**Problem description:**
Starting with the line where "Performance of the" appears, print every line through the end of the entries below exactly as it stands, and leave out the pictures.

*** Opening Supplied entries ***

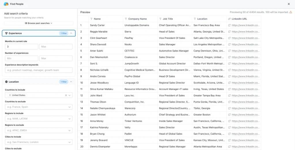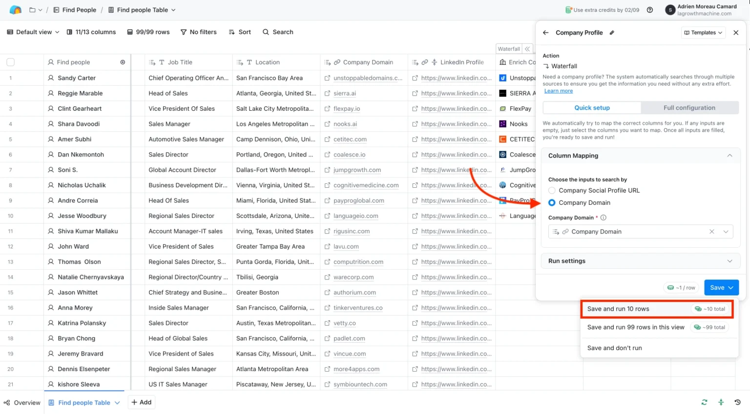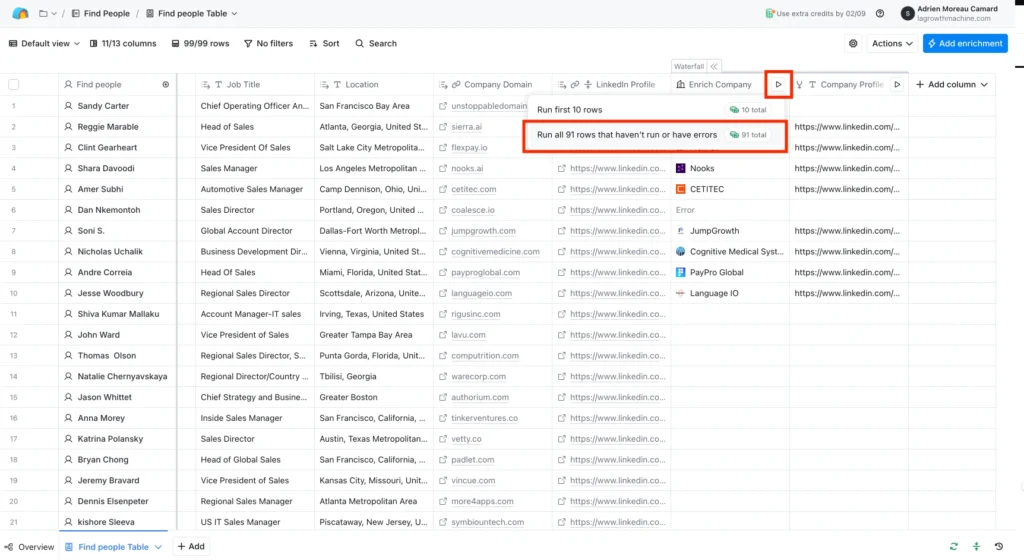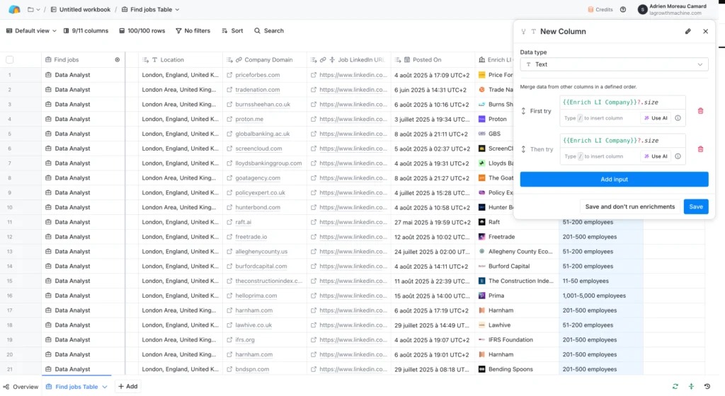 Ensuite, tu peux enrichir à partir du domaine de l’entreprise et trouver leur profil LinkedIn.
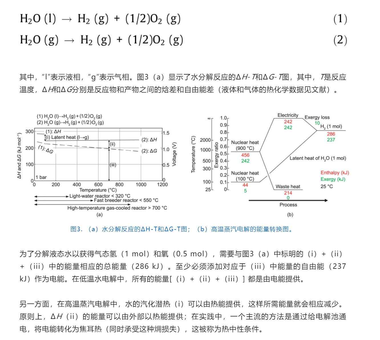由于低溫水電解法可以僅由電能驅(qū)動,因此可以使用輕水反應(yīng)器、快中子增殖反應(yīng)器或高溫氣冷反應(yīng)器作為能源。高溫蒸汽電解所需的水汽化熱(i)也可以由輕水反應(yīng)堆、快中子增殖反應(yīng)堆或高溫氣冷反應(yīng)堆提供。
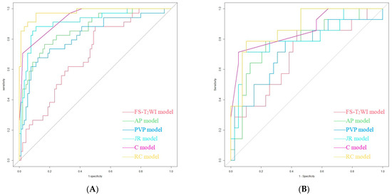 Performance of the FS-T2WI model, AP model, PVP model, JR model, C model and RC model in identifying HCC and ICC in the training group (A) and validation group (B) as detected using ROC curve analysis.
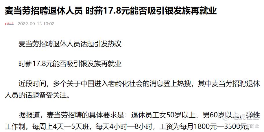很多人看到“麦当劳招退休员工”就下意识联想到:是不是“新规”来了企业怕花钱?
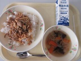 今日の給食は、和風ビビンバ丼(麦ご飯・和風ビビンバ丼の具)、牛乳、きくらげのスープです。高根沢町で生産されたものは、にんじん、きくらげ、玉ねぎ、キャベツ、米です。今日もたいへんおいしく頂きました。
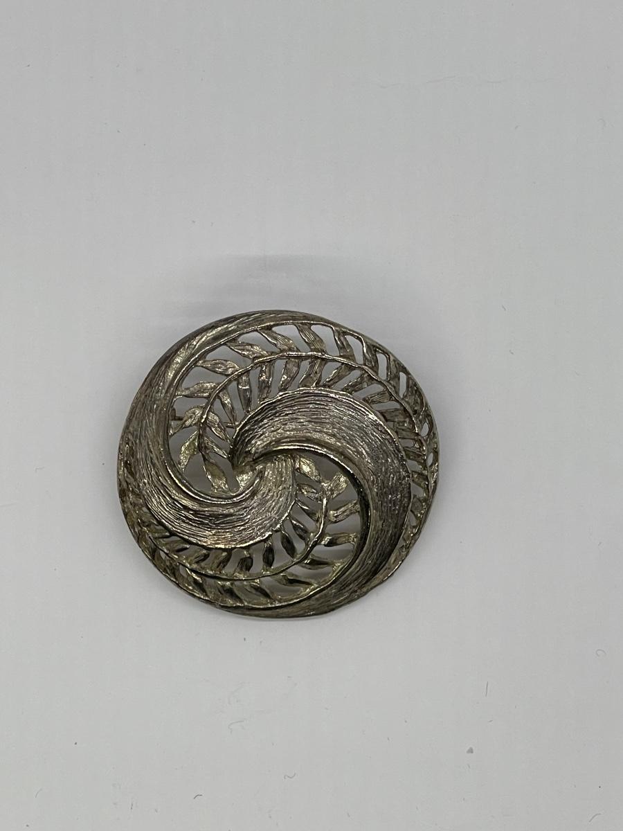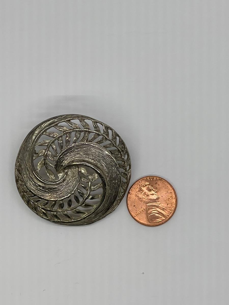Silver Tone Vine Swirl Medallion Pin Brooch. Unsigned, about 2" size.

*** Closing Supplied entries ***

**Response to the task:**
 Performance of the FS-T2WI model, AP model, PVP model, JR model, C model and RC model in identifying HCC and ICC in the training group (A) and validation group (B) as detected using ROC curve analysis.
很多人看到“麦当劳招退休员工”就下意识联想到:是不是“新规”来了企业怕花钱?
 今日の給食は、和風ビビンバ丼(麦ご飯・和風ビビンバ丼の具)、牛乳、きくらげのスープです。高根沢町で生産されたものは、にんじん、きくらげ、玉ねぎ、キャベツ、米です。今日もたいへんおいしく頂きました。
Silver Tone Vine Swirl Medallion Pin Brooch. Unsigned, about 2" size.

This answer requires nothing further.